Moreover, Mr. Musharraf was able to advance greatly Pakistan’s always poor relations with India, creating a solid working relationship with India’s Prime Minister Manmohan Singh.

To maintain power, President Musharraf triangulated among moderate and radical factions in his own military base of support, and the United States. Following Sept. 11, 2001, he negotiated an anti-terror partnership of sorts with Washington, reversing Pakistan’s previously having been one of only three nations that recognized Taliban-ruled Afghanistan. But the U.S. alliance came at a high financial price to the United States and resulted in stiff demands by the jihadist bloc in the military.

In addition to providing some $600 million annually in civilian and military aid, Washington made an additional estimated $1 billion annually available in special military assistance designed to strengthen the government’s ability to root out and eliminate al Qaeda and Taliban extremists. However, Mr. Musharraf’s fundamentalist colleagues insisted he stall on hunting down al Qaeda and Taliban fighters and their sympathizers in Pakistan’s wild Northwest Frontier Province bordering on Afghanistan. Major Pakistani military elements simply blocked effective action.

Virtually every Bush administration official - President Bush, Vice President Dick Cheney and former Secretaries of State Colin Powell and Condoleezza Rice and Defense Secretaries Donald Rumsfeld and Robert Gates, plus former Joint Chiefs of Staff Chairmen Gens. Richard Myers and Peter Pace, made multiple trips to Islamabad seeking Mr. Musharraf’s agreement to at least allow U.S. incursions into the ungovernable areas bordering Afghanistan.

As one senior diplomat involved put it: “Musharraf always welcomed us warmly and we usually seemed to come to agreement, but within days the message would come that it would be better to postpone action until a more propitious moment. We finally have been forced to act unilaterally”.

Unwittingly, the seemingly unflappable Mr. Musharraf’s stalling game was sewing the seeds of his own downfall.

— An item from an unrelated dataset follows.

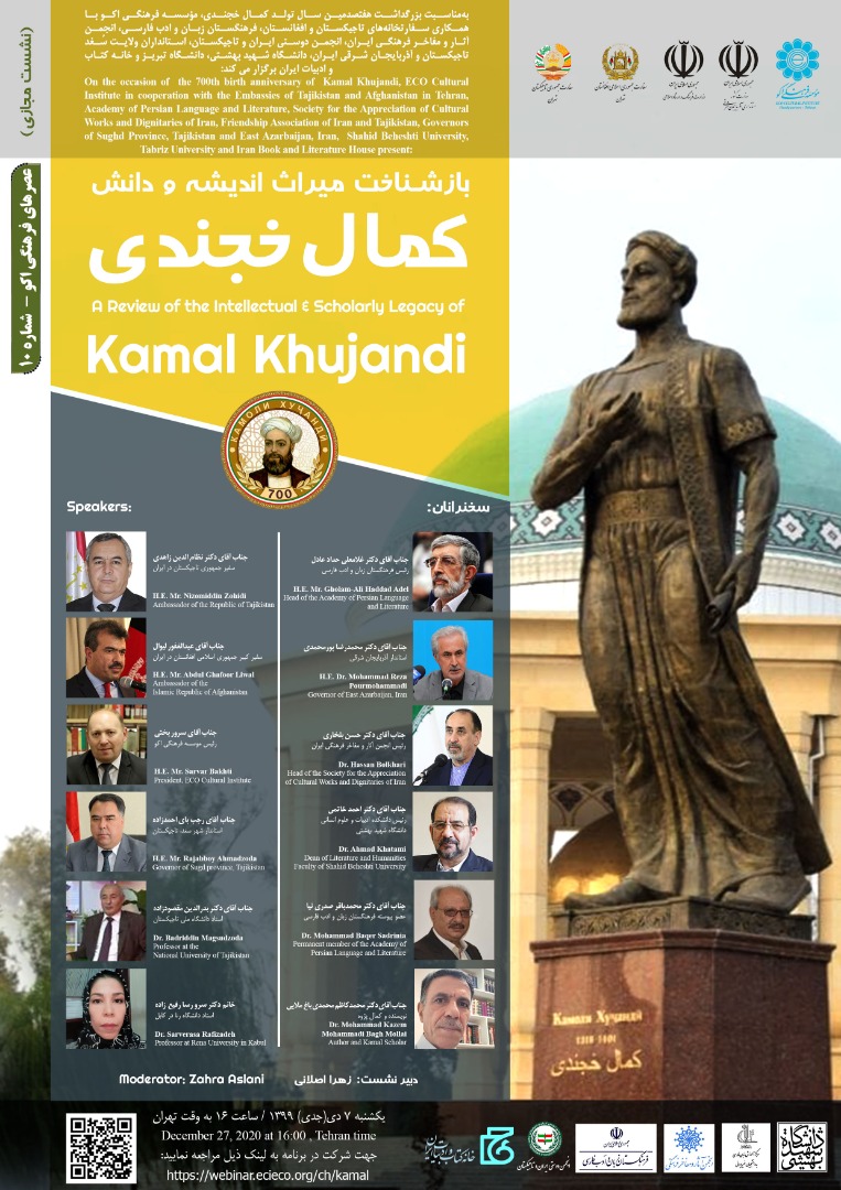 برگزاری نشست بازشناخت میراث اندیشه و دانش کمال خجندی 9105 بازدید print share 07 دی به مناسبت بزرگداشت هفتصدمين سال تولد کمال خجندی، معروف به شیخ کمال از عارفان و شاعران پارسیگوی قرن هشتم هجری،...

The reluctance to clean out the radical Muslim elements along the Afghan frontier gave the impression to extremist cadres elsewhere that their time had come, and sporadic civil disobedience evolved into mass demonstrations and suicide bombings, culminating in the assassination last December of Benazir Bhutto, freshly arrived just two months earlier from a nine-year self-imposed exile.

Parliamentary elections this past February placed the two leading parties (Mrs. Bhutto’s Pakistan People’s Party and the Pakistan Muslim League–Nawaz) in a contentious coalition that eventually elected Yousuf Raza Gilani their prime minister. Mr. Gilani took some bold if ill-informed steps, including ordering the army to make strong sorties against the al Qaeda and Taliban border enclaves. But he overstepped when he tried to rein in the army’s vaunted ISI, Inter-Services Intelligence agency, and ordered it placed under civilian control, a move that lasted exactly one day.